Here is my results (Core i7-2400K vs HD 6950):
SINLGE FFT (1024*729)
OpenCL: 3575 us
SSE: 2050 us
Speedup: 0.573427
DOUBLE FFT (1024*729)
OpenCL: 3875 us
SSE: 2327 us
Speedup: 0.600516
SINLGE FFT BATCH (1024*729 * 16 patches)
OpenCL: 9026 us
SSE: 32646 us
Speedup: 3.61688
DOUBLE FFT BATCH (1024*729 * 16 patches)
OpenCL: 9784 us
SSE: 42115 us
Speedup: 4.30448
Here is my questions:
1. Why I get so poor performance comparing to MKL? 1024*729 is quite big amount of data. Why my 2000 GFLOPS card cannot beat 100 GFLOPS CPU? Please note: I do not take into account data trasfer time.
2. Unfortunatelly I cannot get this simple project working on NVIDIA GTX460, 465 cards. First test fails because of accuracy errors, and batch test fails because OpenCL error (-36) inside clAmdFft library.
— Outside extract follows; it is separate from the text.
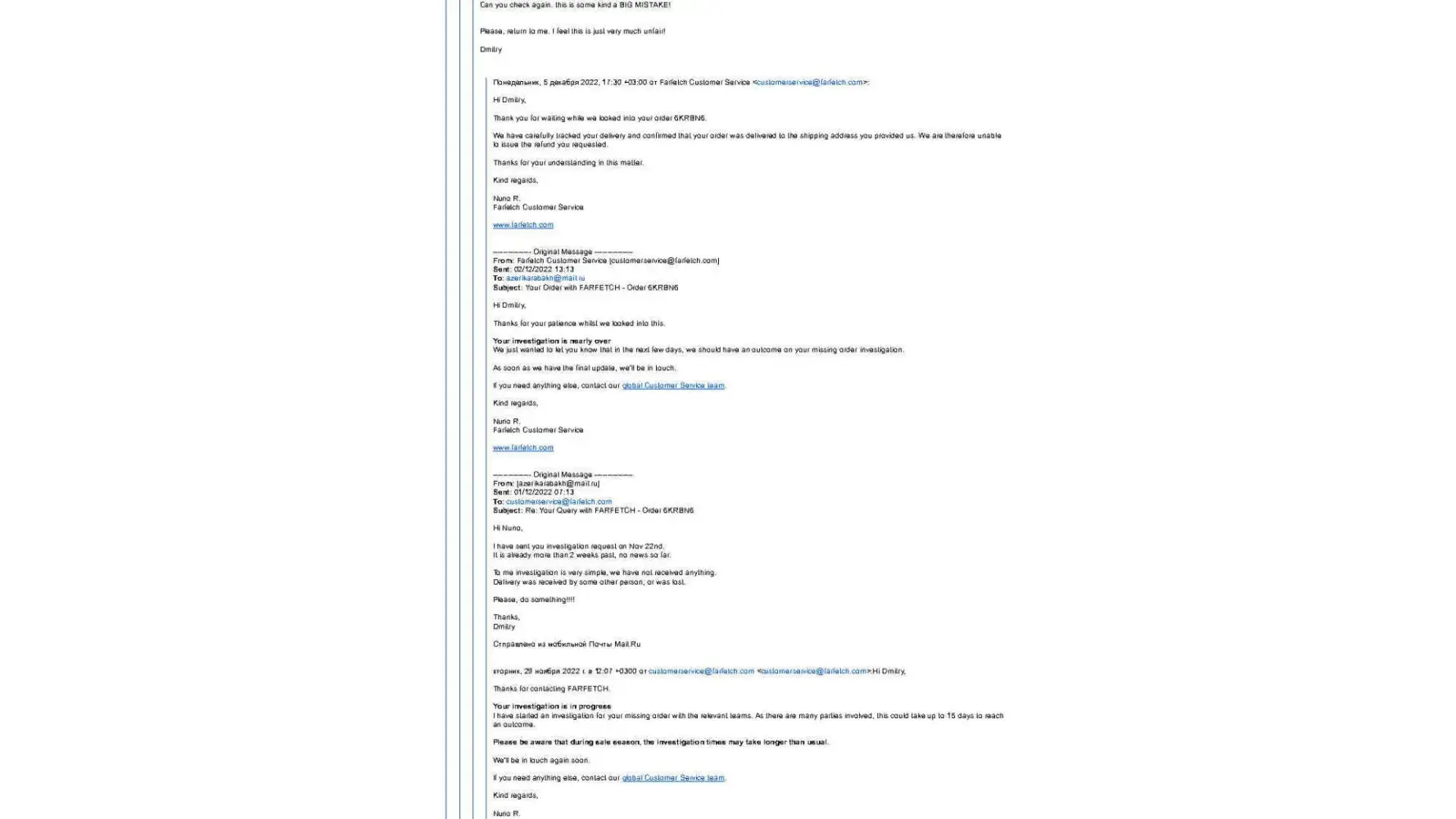 Overall, my experience with Farfetch Russia has left me with the impression that they don't care about their customers or their problems. If you're thinking about ordering from Farfetch, keep in mind that they may not be willing to help you if something goes wrong.

Can you confirm that this is NVIDIA driver problem?
3. Can you provide some ideas hove to improve OpenCL performance in the following task: I have a large (5000*5000) double matrix.At each step I cut a small (1024*729) piece from this matrix (pieces can overlap), do some preprocessing (basically element-wise operations), then perform forward FFT transform, then another postprocessing (element-wise operations) and finally backward FFT and put the result into final output matrix. Each step is independent. I thought that both FFT and vector operations are good to execute on GPU, but I cannot get more than 2x speedup comparing MKL implementation. Now I'm thinking about using multiple out-of-order queues to calculate different steps. Is it a right direction?
Thank you